= Aim of the task =
The pictures in the data below are to be omitted; all else must be duplicated exactly.

= Given material =
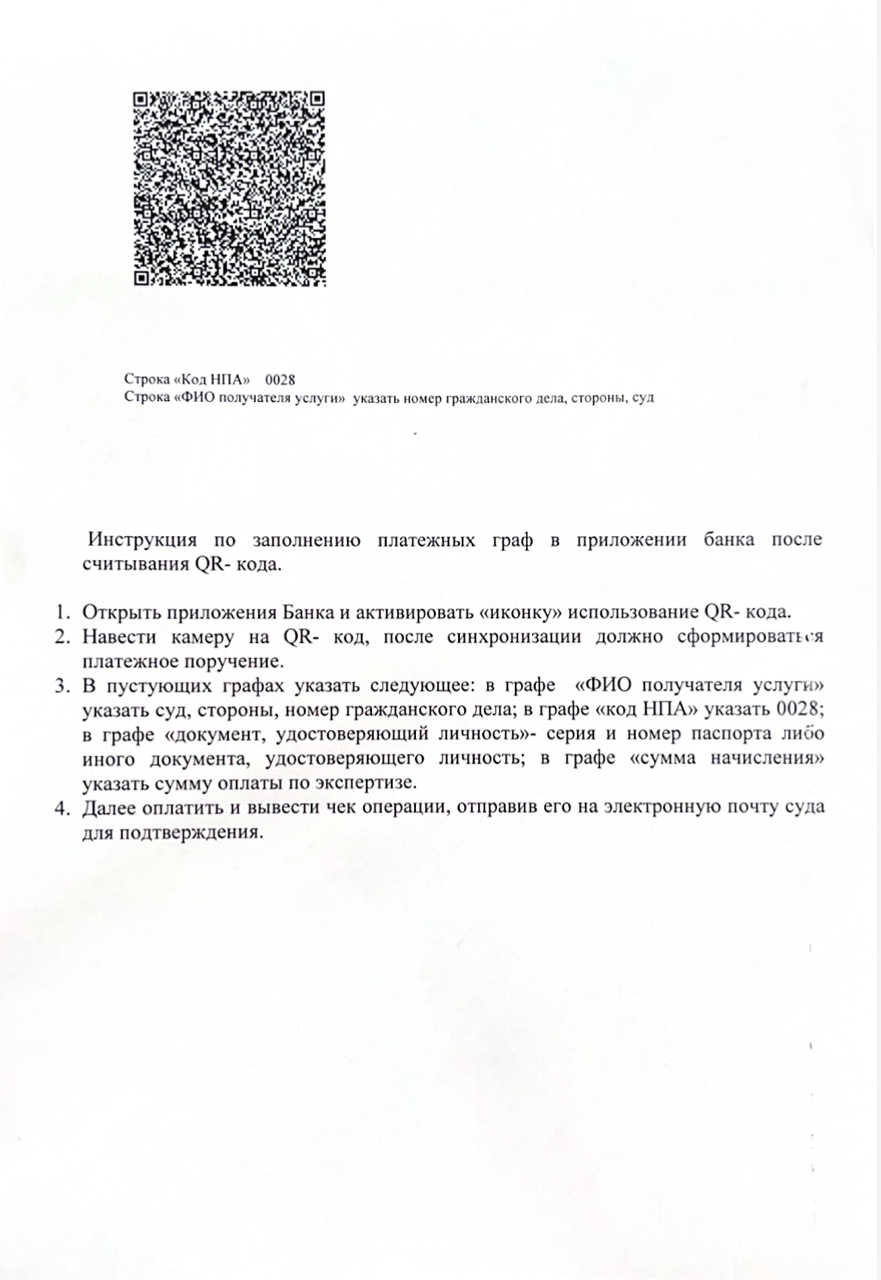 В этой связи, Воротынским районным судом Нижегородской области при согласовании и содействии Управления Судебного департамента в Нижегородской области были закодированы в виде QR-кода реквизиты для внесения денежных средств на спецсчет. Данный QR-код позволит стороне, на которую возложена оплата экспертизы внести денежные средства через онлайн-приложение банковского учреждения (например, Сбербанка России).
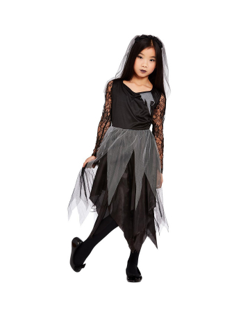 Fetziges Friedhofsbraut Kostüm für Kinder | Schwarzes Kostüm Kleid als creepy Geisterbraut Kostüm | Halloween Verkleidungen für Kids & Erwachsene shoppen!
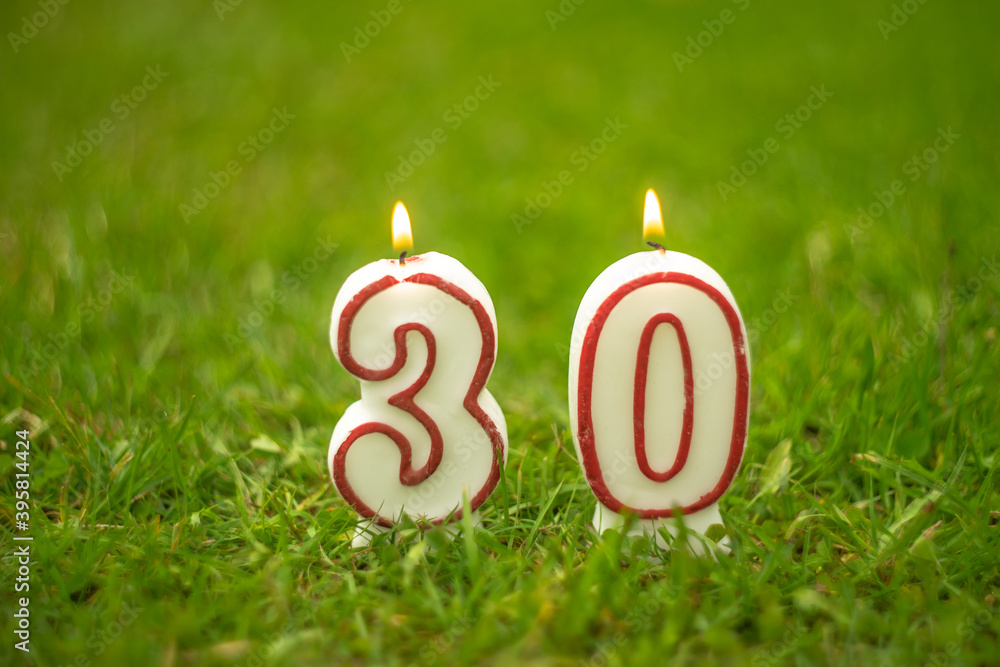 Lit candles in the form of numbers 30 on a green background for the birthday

= Answer to the exercise =
 В этой связи, Воротынским районным судом Нижегородской области при согласовании и содействии Управления Судебного департамента в Нижегородской области были закодированы в виде QR-кода реквизиты для внесения денежных средств на спецсчет. Данный QR-код позволит стороне, на которую возложена оплата экспертизы внести денежные средства через онлайн-приложение банковского учреждения (например, Сбербанка России).
 Fetziges Friedhofsbraut Kostüm für Kinder | Schwarzes Kostüm Kleid als creepy Geisterbraut Kostüm | Halloween Verkleidungen für Kids & Erwachsene shoppen!
 Lit candles in the form of numbers 30 on a green background for the birthday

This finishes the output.